IX

Последовав за Байроном в первоначальном замысле поэмы и преодолев его влияние в творческом выполнении этого замысла, Пушкин долго сам не отдает себе отчета в новизне и ценности своего обретения и только смутно сознает, как совершившееся событие, свое освобождение от недавнего властителя его поэтических дум. Общество встречает нетерпеливо ожидаемое произведение необычайными восторгами[201]. Критика того времени, в значительной мере отразившая эти восторги[202], немедленно поднимает вопрос об отношении поэмы к ее первоисточникам и разрешает его, в общем, верно: отказывается назвать Пушкина подражателем Байрона[203] и в то же время ставит на вид его неоспоримую зависимость от последнего[204], поскольку он «следствие века и поэзии байроновской»[205], зависимость, не уменьшающую, однако, самобытности русского художника[206], поскольку поэзия его – «его собственная, не байроновская»[207], и байроновскую скорбь он «чувствует русским сердцем»[208].
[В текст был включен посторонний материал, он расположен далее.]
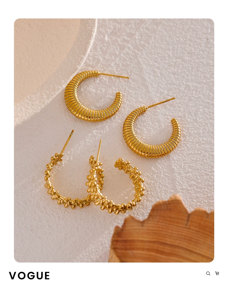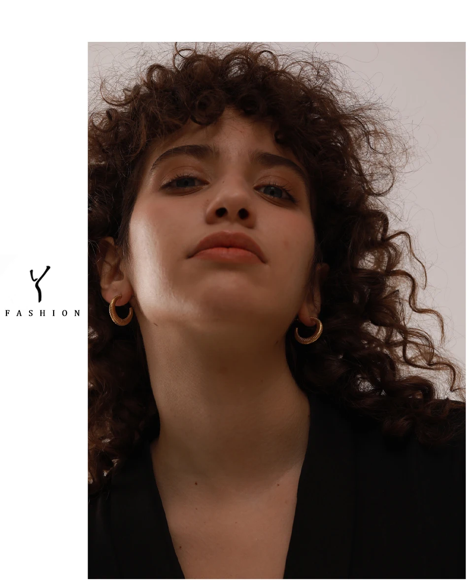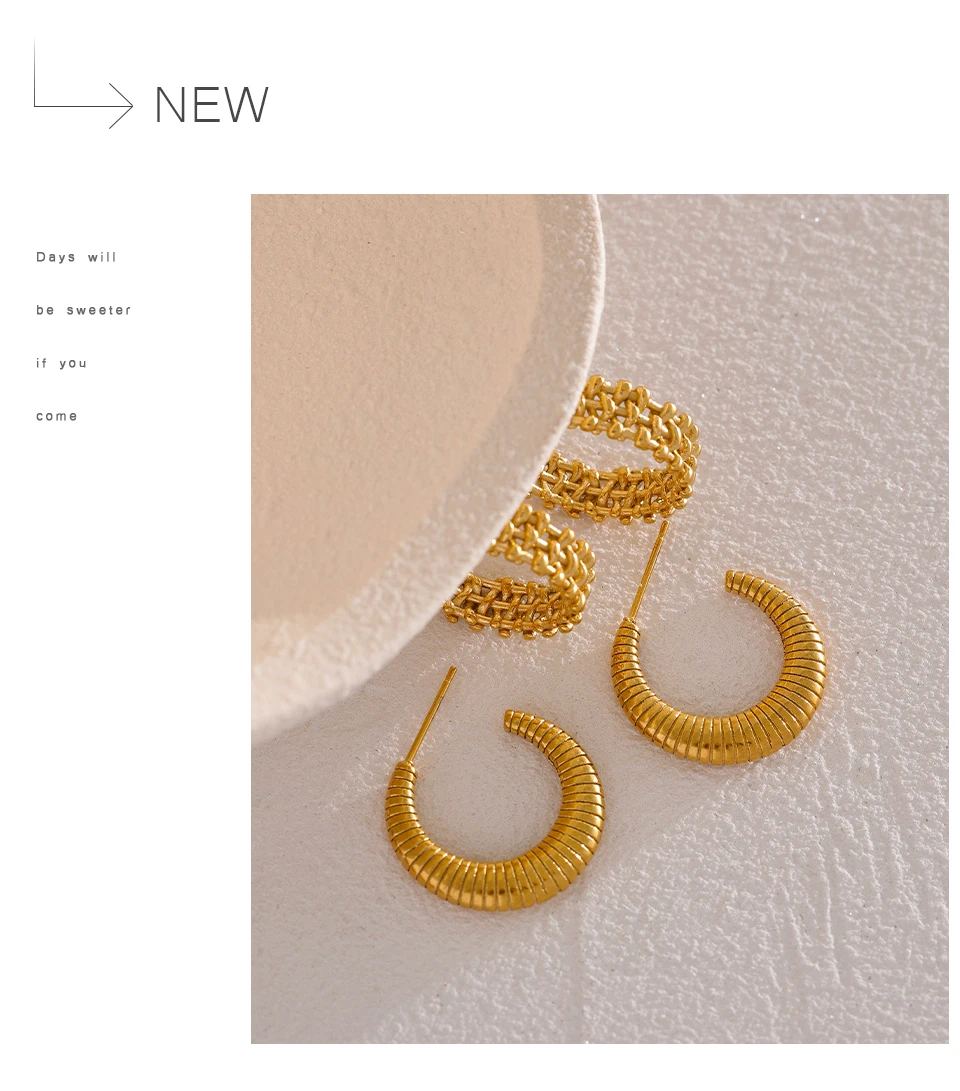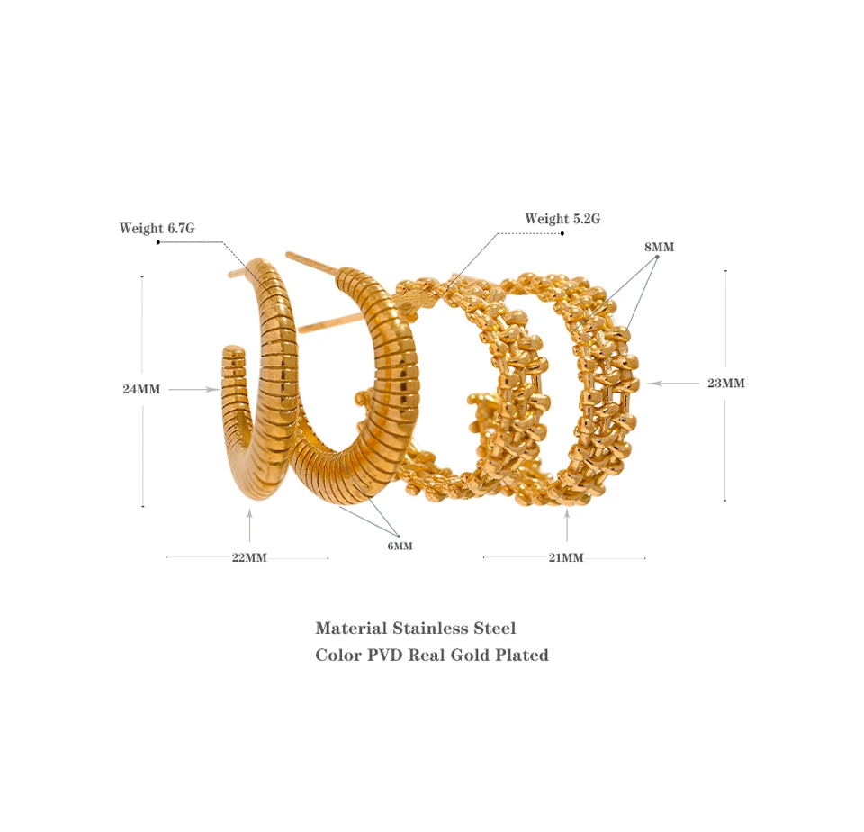 Yhpup Metal Temperament Golden Hoop Earrings Fashion Stainless Steel PVD Plated Charm Stylish Unique Personalized Jewelry Woman
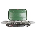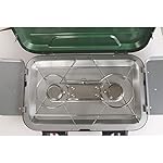 Portable propane stove fits two 12 inch pans or three 8 inch pans at once for variety of meals
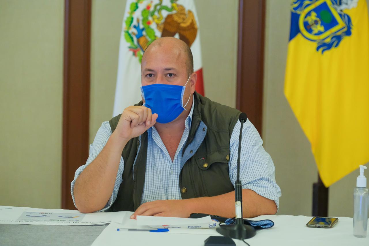 En la mesa donde participan representantes de los municipios, el Rector de la Universidad de Guadalajara, así como representantes de la mesa de Educación, el mandatario jalisciense aclaró que el domingo se presentará la actualización del semáforo con los dos indicadores (ocupación hospitalaria y tasa de incidencia – casos por millón de habitantes) que se consideran para el botón de emergencia.
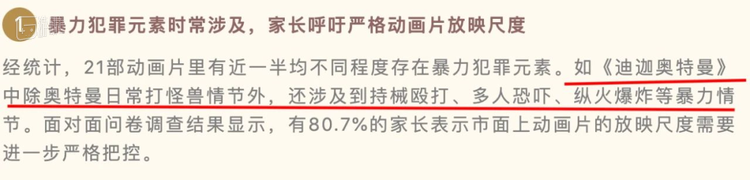 根据江苏消保委的统计,21部动画里,有近一半的作品存在暴力犯罪元素。在该报告中,他们所举的例子是“《迪迦奥特曼》日常打怪兽”。
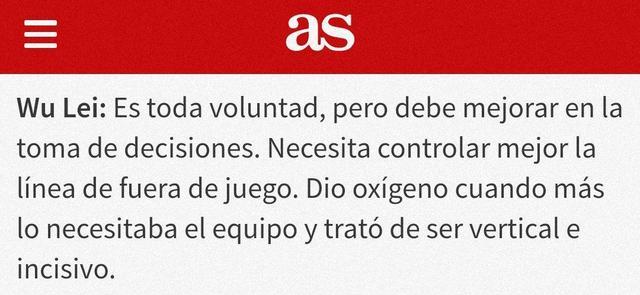 《阿斯报》表示:“武磊展示了不错的意志力,但需要在决策能力上进行提升,更好的控制越位线。他在球队最需要的时候提供了新鲜血液,并尽可能向前进攻来形成对对手的威胁。”
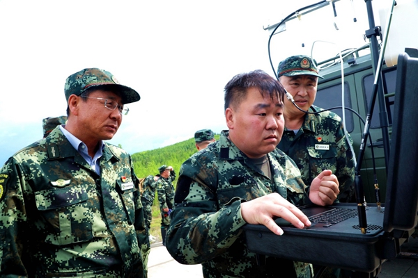 阿木爾林業(yè)局黨委副書記、局長、局防指總指揮韓鳳泉(左二)在查看無人機(jī)狀況(王力 攝)
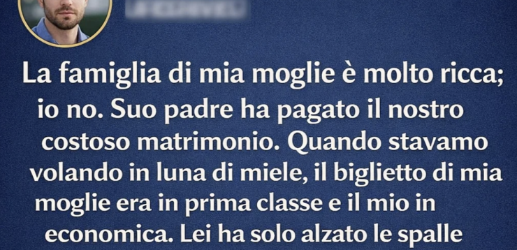Il suo biglietto diceva “Economy”, mentre quello della moglie “Prima Classe”.
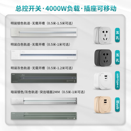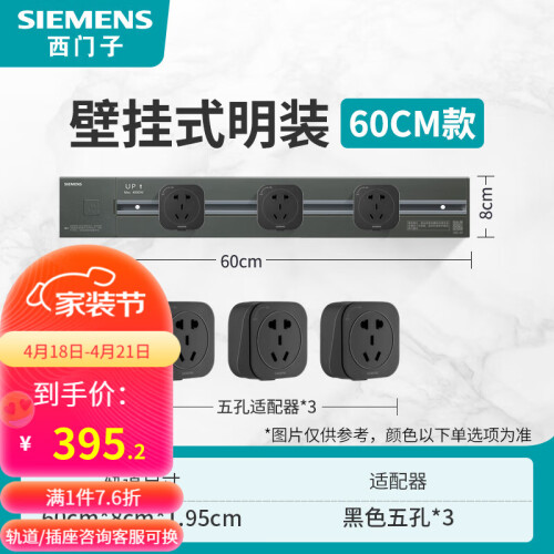 当前的位置: 首页 > 今日值得买 > 西门子(SIEMENS)灰色轨道插座可移动墙壁挂式明装插座 无线插排/接线板/电力滑轨 60cm轨道+五孔*3 银色插座
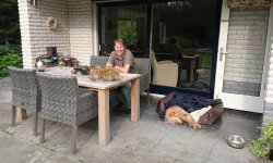 Inmiddels is het weer ook wat opgeknapt. Het zonnetje komt voorzichtig tevoorschijn en aangezien S. een thuiswerkdag heeft, kunnen we samen buiten even ontbijten na ons 11,5 km rondje.
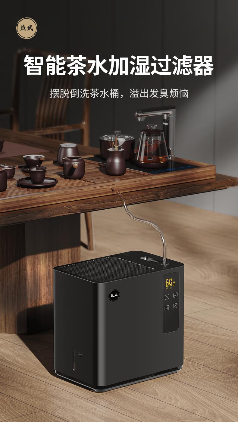 益武免倒茶水桶办公室无雾加湿器家电客厅抑菌茶渣桶废水桶茶桶AI语音 星夜黑【三芯装】
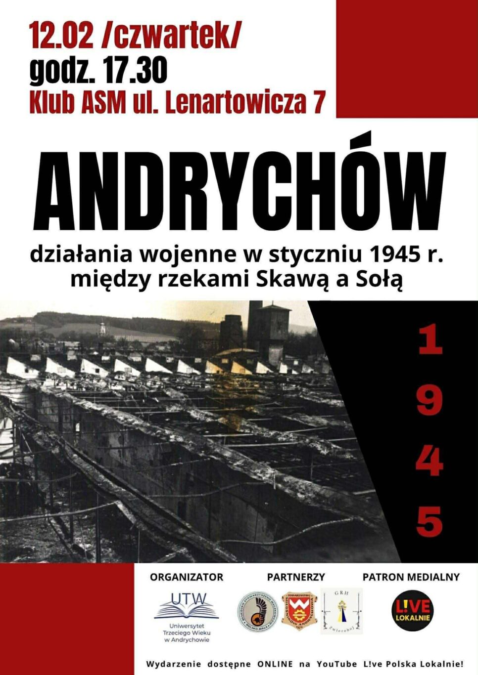 Uniwersytet Trzeciego Wieku w Andrychowie zaprasza na otwartą prelekcję historyczną poświęconą działaniom wojennym prowadzonym na terenie miasta i okolic w styczniu 1945 roku. Wydarzenie odbędzie się w czwartek, 12 lutego, o godzinie 17.30 w Klubie ASM przy ulicy Lenartowicza 7 w Andrychowie. Spotkanie skierowane jest do wszystkich zainteresowanych historią regionu i ostatnimi miesiącami II wojny światowej.
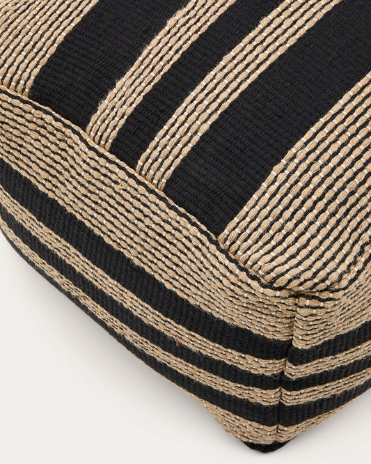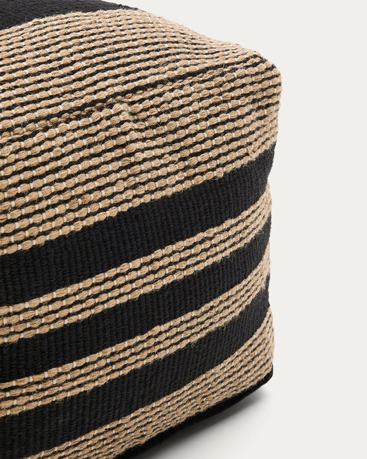 Aylin beige and black jute-embroidered cotton pouf 60 x 60 cm
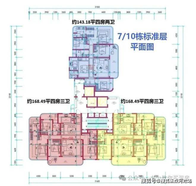 另外还有253-265平4房4卫的大平层豪宅,3套间+西厨。
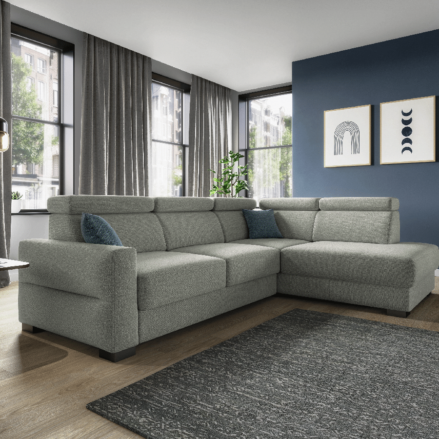 Den justerbare nakkestøtte gør det muligt at tilpasse siddepositionen individuelt, mens et rummeligt opbevaringsrum under sædet giver plads til dyne, pude og sengetøj. Sofaen er udstyret med sovefunktion via den intuitive “puma”-mekanisme: du løfter blot sædet, skubber frem – og en ekstra del glider automatisk ud og danner en jævn og komfortabel soveflade.
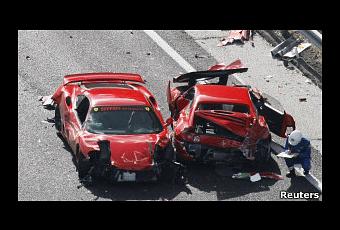 En una concentración de coches de lujo en Japón, Ocho Ferraris, tres Mercedes-Benz, un Lamborghini y otros dos vehículos se vieron envueltos en un costoso accidente. En valor total de los coches de lujo se calculan que puede estar en torno a 300 millones de yenes (US$3.85 millones), según las autoridades.
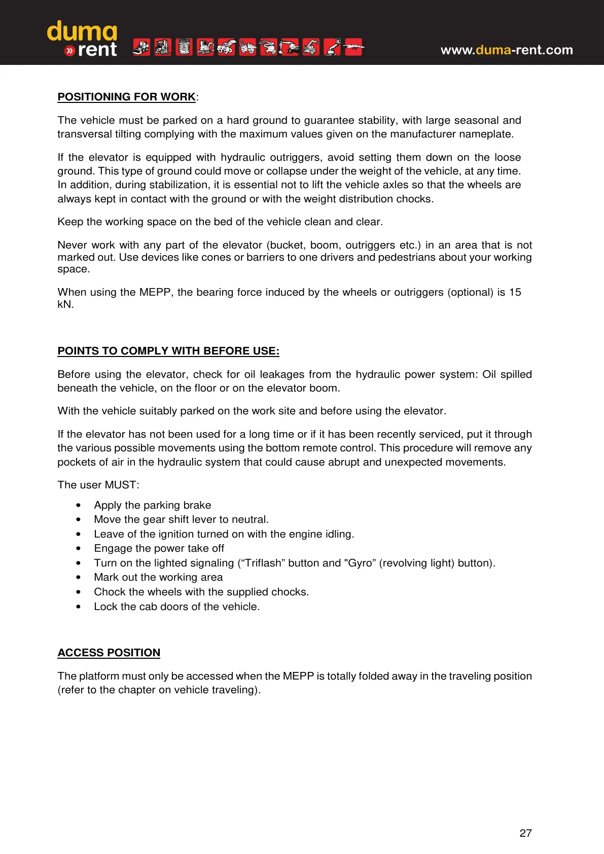 With the vehicle suitably parked on the work site and before using the elevator.
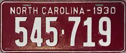 1930 Embossed white serial on maroon plate with border line; "NORTH CAROLINA–1930" at top none 123-456 100-001 to approximately 607-000
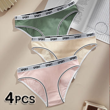 4PCS Cotton Mid Waist Women’s Panties Sexy Breathable Skin Friendly Women’s Underwear Seamless Soft Female Solid Color Lingerie
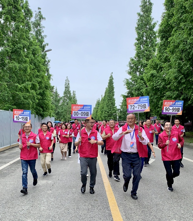 演出现场 随后,校友们在艺术大楼前集体合影,并按年级列队参加“爱我西华•校园跑”活动。伴随着一声令下,校友们身着“爱我西华•校园跑”的红色背心, 开始了围绕“马尔代夫”的校园跑。
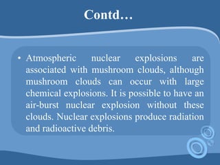 Nuclear explosions are caused by rapid energy release from nuclear reactions, including fission and fusion, and can produce radiation and debris, leading to significant hazards. Nuclear disasters often occur in reactors and result in massive radiation release, with the Chernobyl disaster in 1986 being a notable example that contaminated large areas and caused immediate fatalities. Such events have long-term impacts, including health risks for children and contamination of food supplies.

Таково, по крайней мере, господствующее и решительное мнение критики 20-х и 30-х годов, которого не могут затемнить и ослабить ни отдельные попытки представить Пушкина сколком с Байрона[209], ни покушения Надеждина провозгласить его Байроновой пародией[210]. В смысле эстетического и философского изучения эта критика дала не много, но, быть может, достаточно для первой, еще поверхностной оценки исключительного по своей красоте и силе произведения; отдельные нападения на некоторые частности поэмы не были ни меткими, ни прочными по своему влиянию на общее мнение[211].

Амплитуда колебаний критической мысли по вопросу о самобытности поэмы достигает своих пределов уже в конце 30-х годов, когда Фарнгаген фон-Энзе, под еще свежим впечатлением смерти Пушкина, предпринимает труд доказать, что он, как «выражение полноты современной русской жизни, в высокой степени национален», что творения его полны России во всех отношениях», что поэзия его, которая «кажется часто подражанием, не будучи таковою», – «происходит из собственного духа даже в тех случаях, в которых не всегда бывает отличительна». По Фарнгагену, поэма «Цыганы» – «одно из сильнейших и самобытнейших созданий Пушкина; она, без сомнения, основана на каком-нибудь действительном происшествии; обработка целого превосходна; в некоторых местах она становится совершенно драматическою; с каждою строкою усиливается действие; происшествие проносится подобно грозной буре и оставляет за собою ночь и безмолвие»[212].

Шевырев, продолжая мысль И. Киреевского, что «все недостатки поэмы зависят от противоречия двух разногласных стремлений: одного – самобытного, другого – байронического», – утверждает, что «противоположность между существом обоих поэтов была причиною того, что влияние Байрона скорее вредно было, чем полезно, Пушкину: оно только нарушало цельность и самобытность его поэтического развития». И в «Цыганах» критик видит «два элемента, которые между собою враждуют и сойтись не могут», – замечание, которое было бы верным, если бы продумано было до постижения антиномии, лежащей в самой основе произведения: но, по мысли критика, – «элемент Байрона является в призраках идеальных лиц, лишенных существенной жизни, элемент же самого Пушкина – в картинах степей бессарабских и кочевого быта»[213].

Как бы то ни было, благодаря этим усилиям критической мысли, в самом восприятии поэмы, эстетическом и философском, началась внутренняя дифференциация: в большей или меньшей мере осознан был элемент, привнесенный в творчество Пушкина извне, и элемент самостоятельного преодоления этой чуждой стихии. Поскольку дальнейшие споры о влиянии Байрона сводились к количественному определению того и другого из обоих соприсутствующих элементов, они кажутся нам малоплодотворными. Критики настаивают на разности обоих поэтов «в направлении и духе таланта» (по выражению Белинского) и, естественно, выносят впечатление преобладающей самобытности Пушкина. Они придают этому вопросу большое значение, не всегда сознавая отчетливо, что исследование влияния само по себе принадлежит иной сфере рассмотрения художественных произведений, чем их эстетическая и философская оценка, и что понятие оригинальности таланта не совпадает с понятием его художественно-исторической изолированности.

Белинский и Чернышевский, Аполлон Григорьев и Катков, Страхов и Анненков, касаясь роли Байрона в пушкинском творчестве вообще, разбирают спорный вопрос (о степени самобытности последнего) именно с этой точки зрения и в этих пределах[214]. Между тем важнейшим по внутреннему значению моментом в споре было доведение вышеуказанной дифференциации до той грани, где ясно предстало бы постижение, что элемент заимствованный был элемент философской и психологической проблемы, элемент же самобытный и по преимуществу творческий заключался в попытке самостоятельного решения этой проблемы. Так поставил вопрос только Достоевский.